I have a URI string like the following:
http://www.christlichepartei%F6sterreichs.at/steiermark/
I'm creating a java.lang.URI instance with this string and it succeeds but when I want to retrieve the host it returns null. Opera and Firefox also choke on this URL if I enter it exactly as shown above. But shouldn't the URI class throw a URISyntaxException if it is invalid? How can I detect that the URI is illegal then?
It also behaves the same when I decode the string using URLDecoder which yields
http://www.christlicheparteiösterreichs.at/steiermark/
Now this is accepted by Opera and Firefox but java.net.URI still doesn't like it. How can I deal with such a URL?
thanks
Java 6 has IDN
class to work with internationalized domain names.

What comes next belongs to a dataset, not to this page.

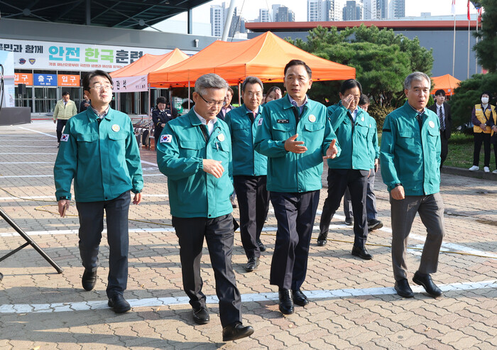 | ▲ 지난해 10월23일 강남구 안전한국훈련에 참석한 조성명 구청장이 관계자들과 현장을 둘러보고 있다. (사진=강남구청 제공) |
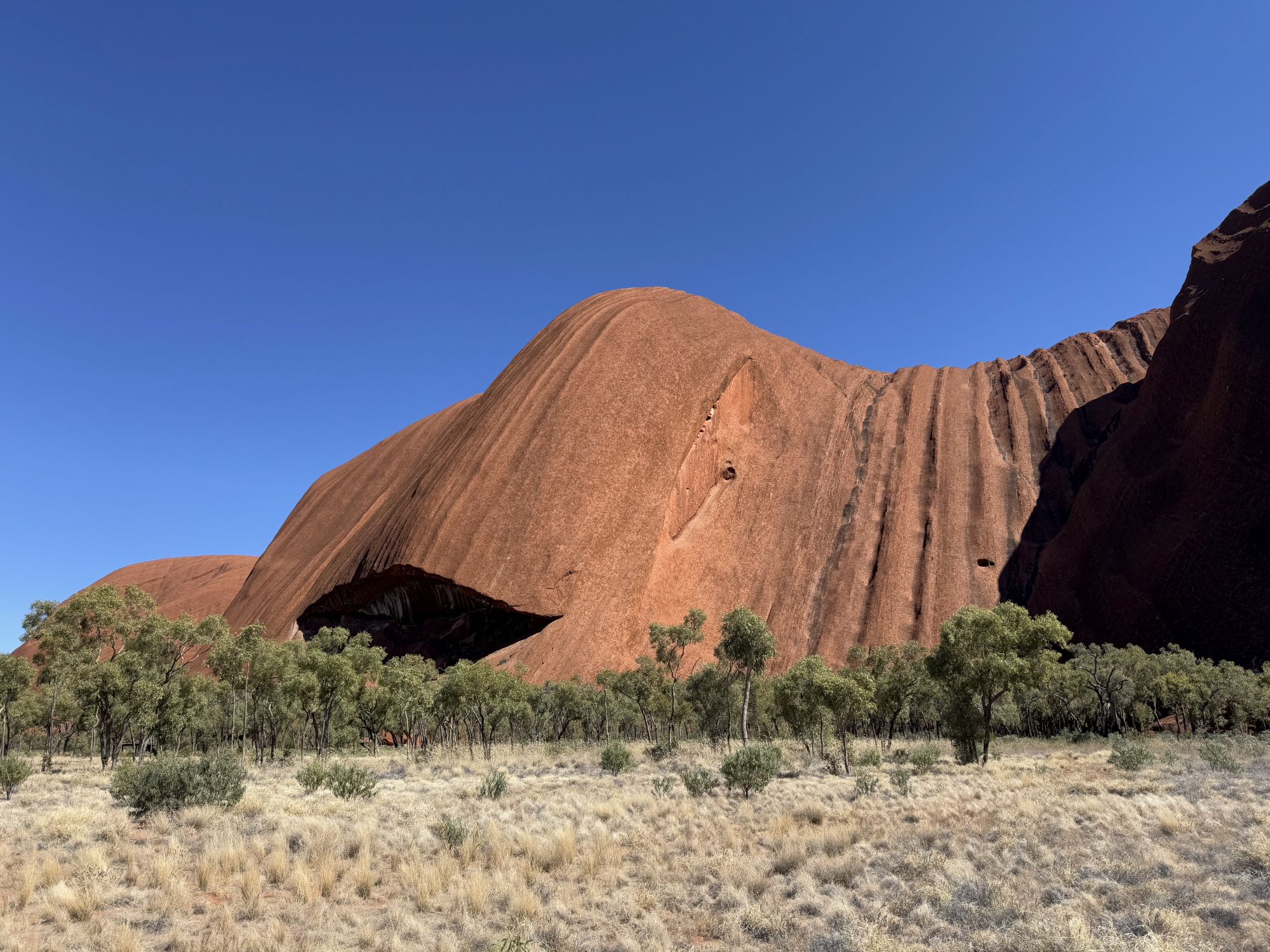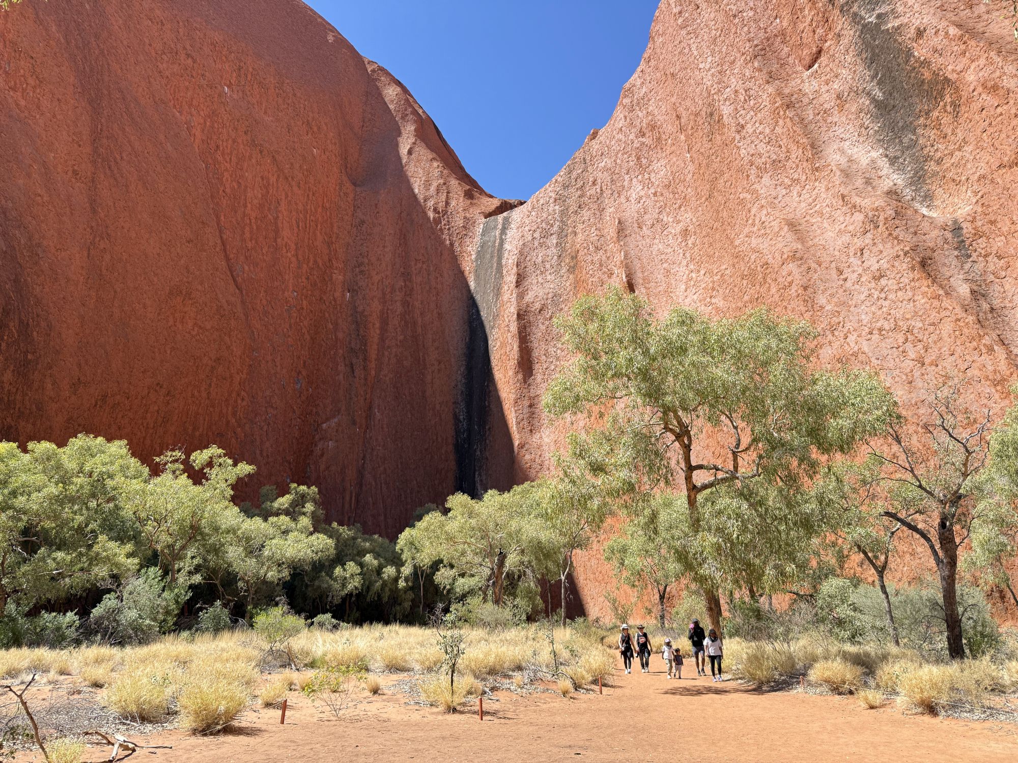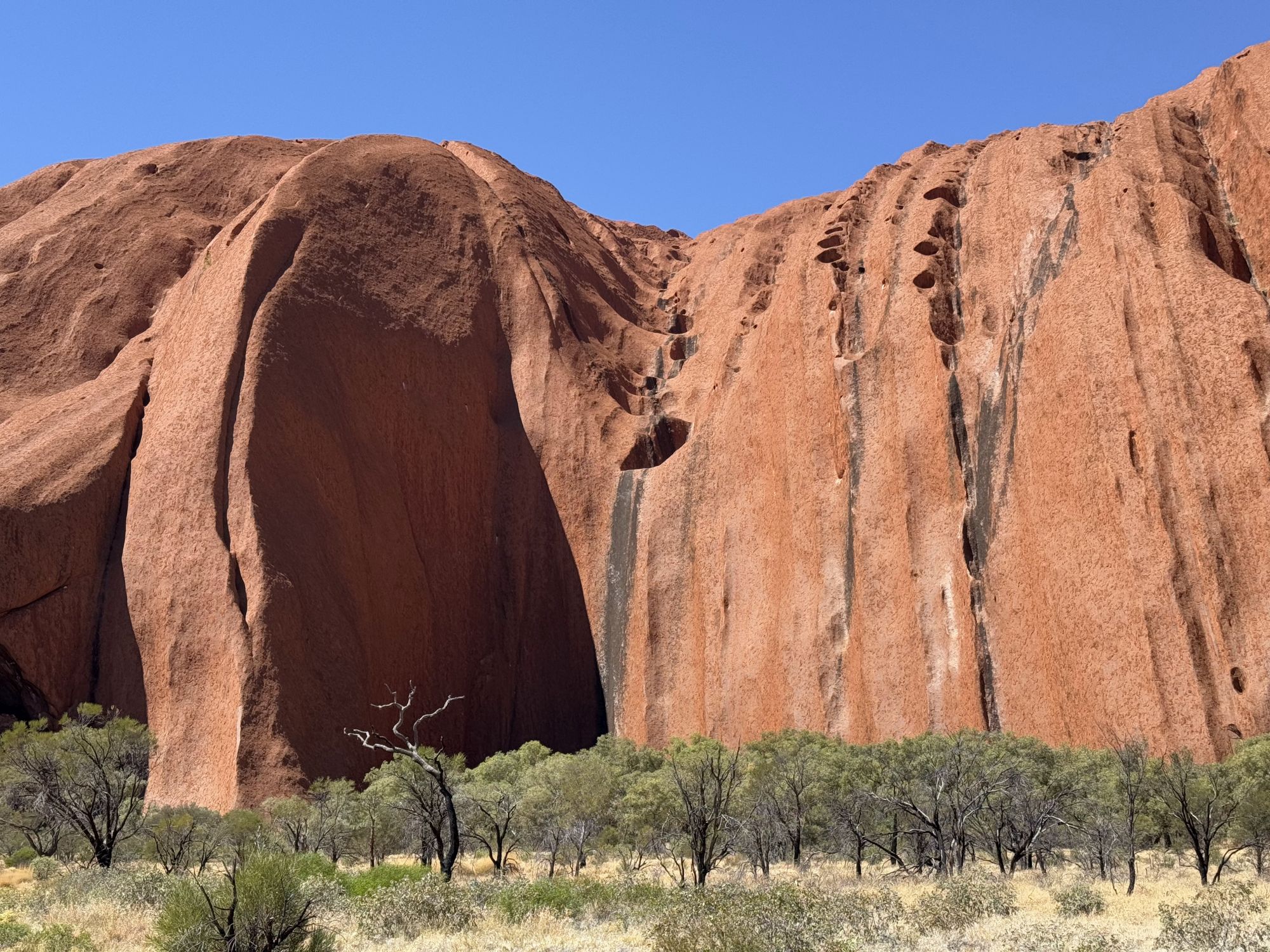 Für den letzten Tag am Uluru haben wir uns Fahrräder gemietet, denn heute soll es deutlich wärmer werden und die Umrundung zu Fuß erscheint uns der Sonne zu ausgesetzt. Wir radeln vom Cultural Center los und umrunden den Berg im Gegenuhrzeigersinn. Mit vielen Zwischenstopps brauchen wir doch drei Stunden. Besonders eindrucksvoll ist das Mutijulu Waterhole und Kantju Gorge. Die gesamte Nordseite des Berges ist heiliges Terrain, hier verläuft der Weg weit weg vom Berg und zudem ist das Fotografieren verboten. Anschauen darf man die Linien und Höhlen am Berg zwar schon, aber nur vor Ort und nicht, wie es auf Bildern der Fall wäre, an anderen Orten. Leider sind gerade hier die Strukturen besonders interessant anzusehen.

So, the following produces URI with encoded hostname:
URI u = new URI("http://" + IDN.toASCII("www.christlicheparteiösterreichs.at") + "/steiermark/");
The correct way to encode non-ASCII characters in hostnames is known as "Punycode".
URI throws an URISyntaxException, when you choose the appropriate constructor:
URI someUri=new URI("http","www.christlicheparteiösterreichs.at","/steiermark",null);
java.net.URISyntaxException: Illegal character in hostname at index 28: http://www.christlicheparteiösterreichs.at/steiermark
You can use IDN for this to fix:
URI someUri=new URI("http",IDN.toASCII("www.christlicheparteiösterreichs.at"),"/steiermark",null);
System.out.println(someUri);
System.out.println("host: "+someUri.getHost()));
Output:
http://www.xn--christlicheparteisterreichs-5yc.at/steiermark
host: www.xn--christlicheparteisterreichs-5yc.at
UPDATE regarding the chicken-egg-problem:
You can let URL do the job:
public static URI createSafeURI(final URL someURL) throws URISyntaxException
{
return new URI(someURL.getProtocol(),someURL.getUserInfo(),IDN.toASCII(someURL.getHost()),someURL.getPort(),someURL.getPath(),someURL.getQuery(),someURL.getRef());
}
URI raoul=createSafeURI(new URL("http://www.christlicheparteiösterreichs.at/steiermark/readme.html#important"));
This is just a quick-shot, it is not checked all issues concerning converting an URL to an URI. Use it as a starting point.